**Work task**
Look below for the line containing "vidaXL Vrtna jedilna". Write out that line and the rest through the last one, exactly as they appear, but without pictures.

**The data**
((

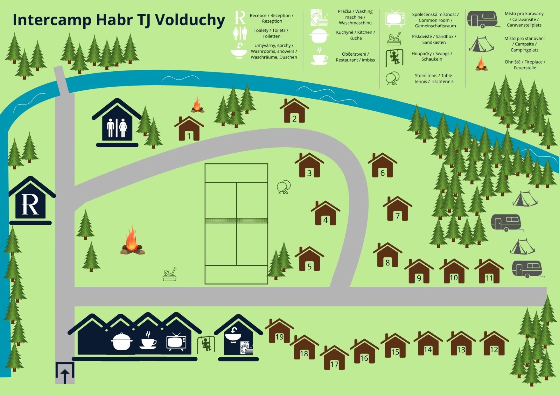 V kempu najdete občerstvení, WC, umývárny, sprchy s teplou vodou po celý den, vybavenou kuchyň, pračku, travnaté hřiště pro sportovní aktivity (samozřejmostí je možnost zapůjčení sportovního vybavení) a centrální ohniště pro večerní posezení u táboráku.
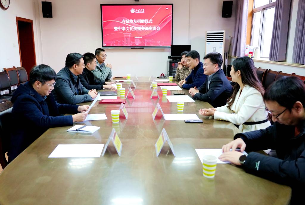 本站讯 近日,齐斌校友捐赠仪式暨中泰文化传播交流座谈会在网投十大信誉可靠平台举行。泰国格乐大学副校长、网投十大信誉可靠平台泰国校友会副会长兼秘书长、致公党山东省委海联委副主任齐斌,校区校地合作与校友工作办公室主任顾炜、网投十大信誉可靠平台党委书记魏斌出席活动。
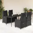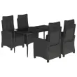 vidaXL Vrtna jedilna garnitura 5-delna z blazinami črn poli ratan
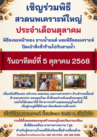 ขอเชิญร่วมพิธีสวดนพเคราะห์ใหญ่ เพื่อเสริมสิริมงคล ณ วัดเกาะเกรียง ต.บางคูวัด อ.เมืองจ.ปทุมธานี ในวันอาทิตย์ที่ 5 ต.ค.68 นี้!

))

**Your response**
 vidaXL Vrtna jedilna garnitura 5-delna z blazinami črn poli ratan
 ขอเชิญร่วมพิธีสวดนพเคราะห์ใหญ่ เพื่อเสริมสิริมงคล ณ วัดเกาะเกรียง ต.บางคูวัด อ.เมืองจ.ปทุมธานี ในวันอาทิตย์ที่ 5 ต.ค.68 นี้!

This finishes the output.